Caspar Oesterheld comments on CDT=EDT=UDT

Caspar Oesterheld Jan 16, 2019, 11:50 PM
LW: 10 AF: 6
AF
> I tried to understand Caspar’s EDT+SSA but was unable to figure it out. Can someone show how to apply it to an example like the AMD to help illustrate it?

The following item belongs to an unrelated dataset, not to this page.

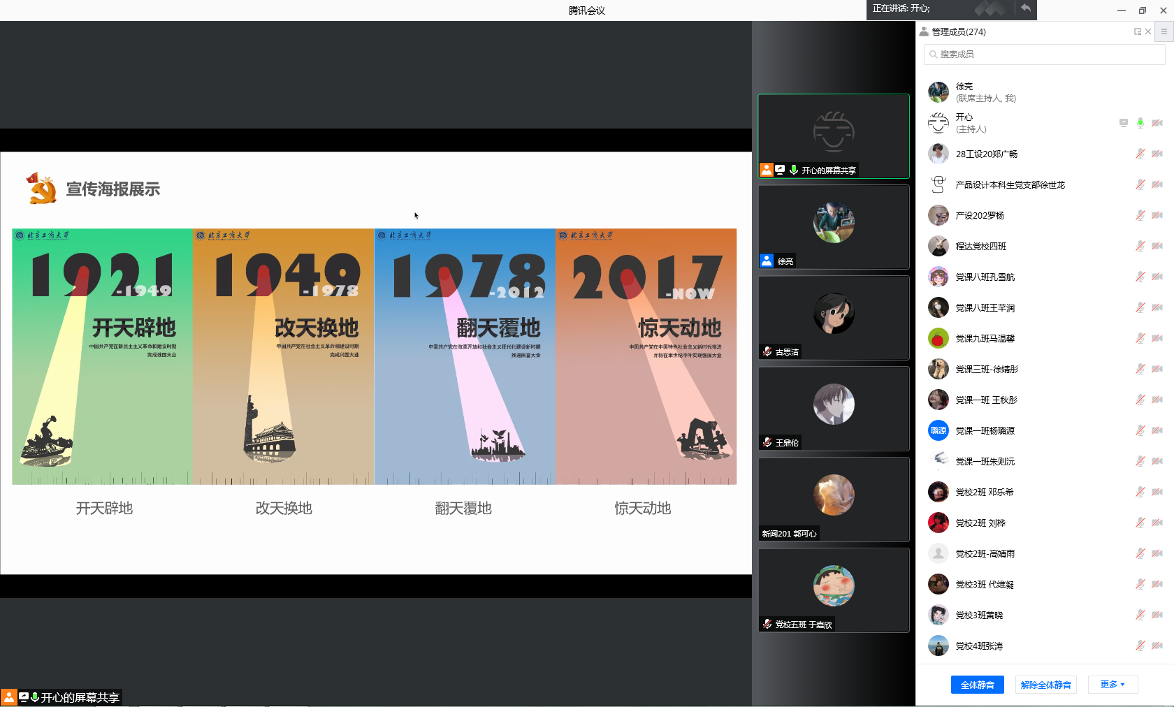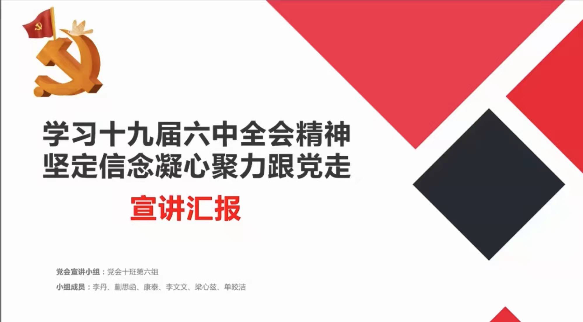 南湖晚风,拂面微凉。分党校学员银曼君、刘源、王佳歧、董译夫为大家带来诗朗诵《百年正青春 青春献给党》,同学们声情并茂地展现了中国共产党百年来栉风沐雨的光辉历程。中国共产党历经百年,恰似风华正茂,将继续扬帆新启航,全面开启新征程!党校十班第六组李丹同学以“学习十九届六中全会精神,坚定信念凝心聚力跟党走”的宣讲汇报,详细讲述中国共产党取得的重大历史成就,结合专业知识分享了小组海报设计理念,运用电影的镜头语言和二维化的手段,添加重大历史事件元素,展现中国共产党百年来初心不忘,带领人民从站起来到富起来再到强起来的伟大历程。

Sorry about that! I’ll try to explain it some more. Let’s take the original AMD. Here, the agent only faces a single type of choice—whether to EXIT or CONTINUE. Hence, in place of a policy we can just condition on $p$ when computing our SSA probabilities. Now, when using EDT+SSA, we assign probabilities to being a specific instance in a specific possible history of the world. For example, we assign probabilities of the form $P_{S S A} (X in X Y B ∣ p)$ , which denotes the probability that given I choose to CONTINUE with probability $p$ , history $X Y B$ (a.k.a. CONTINUE, EXIT) is actual and that I am the instance intersection $X$ (i.e., the first intersection). Since we’re using SSA, these probabilities are computed as follows:
$P_{S S A} (X in X Y B ∣ p) = P (X Y B ∣ p) \cdot P_{S S A} (X ∣ X Y B) = P (X Y B ∣ p) \cdot \frac{1}{2} .$
That is, we first compute the probability that the history itself is actual (given $p$ ). Then we multiply it by the probability that within that history I am the instance at $X$ , which is just 1 divided by the number of instances of myself in that history, i.e. 2.
Now, the expected value according to EDT + SSA given $p$ can be computed by just summing over all possible situations, i.e. over all combinations of a history and a position within that history and multiplying the probability of that situation with the utility given that situation:
$P_{S S A} (X in X Y B ∣ p) \cdot 4 + P_{S S A} (X in X Y C ∣ p) \cdot 1 + P_{S S A} (X in X A ∣ p) \cdot 0 + P_{S S A} (Y in X Y B ∣ p) \cdot 4 + P_{S S A} (Y in X Y C ∣ p) \cdot 1 = \frac{1}{2} P_{S S A} (X Y B ∣ p) \cdot 4 + \frac{1}{2} P_{S S A} (X Y C ∣ p) \cdot 1 + \frac{1}{2} P_{S S A} (X Y B ∣ p) \cdot 4 + \frac{1}{2} P_{S S A} (X Y C ∣ p) \cdot 1 = P_{S S A} (X Y B ∣ p) \cdot 4 + P_{S S A} (X Y C ∣ p) \cdot 1$
And that’s exactly the ex ante expected value (or UDT-expected value, I suppose) of continuing with probability $p$ . Hence, EDT+SSA’s recommendation in AMD is the ex ante optimal policy (or UDT’s recommendation, I suppose). This realization is not original to myself (though I came up with it independently in collaboration with Johannes Treutlein) -- the following papers make the same point:
- Rachael Briggs (2010): Putting a value on Beauty. In Tamar Szabo Gendler and John Hawthorne, editors, Oxford Studies in Epistemology: Volume 3, pages 3–34. Oxford University Press, 2010. http://joelvelasco.net/teaching/3865/briggs10-puttingavalueonbeauty.pdf
- Wolfgang Schwarz (2015): Lost memories and useless coins: revisiting the absentminded driver. In: Synthese. https://www.umsu.de/papers/driver-2011.pdf
My comment generalizes these results a bit to include cases in which the agent faces multiple different decisions.
What links here?
- Caspar Oesterheld's comment on In memoryless Cartesian environments, every UDT policy is a CDT+SIA policy by jessicata (Jan 16, 2019, 11:54 PM; 2 points)
- Wei Dai Jan 17, 2019, 8:07 AM
  LW: 6 AF: 3
  AF Parent
  Thanks, I think I understand now, and made some observations about EDT+SSA at the old thread. At this point I’d say this quote from the OP is clearly wrong:
  
  So, we could say that CDT+SIA = EDT+SSA = UDT1.0; or, CDT=EDT=UDT for short.
  
  In fact UDT1.0 > EDT+SSA > CDT+SIA, because CDT+SIA is not even able to coordinate agents making the same observation, while EDT+SSA can do that but not coordinate agents making different observations, and UDT1.0 can (probably) coordinate agents making different observations (but seemingly at least some of them require UDT1.1 to coordinate).
  - abramdemski Jan 19, 2019, 8:22 PM
    LW: 2 AF: 1
    AF Parent
    Agreed. I’ll at least edit the post to point to this comment.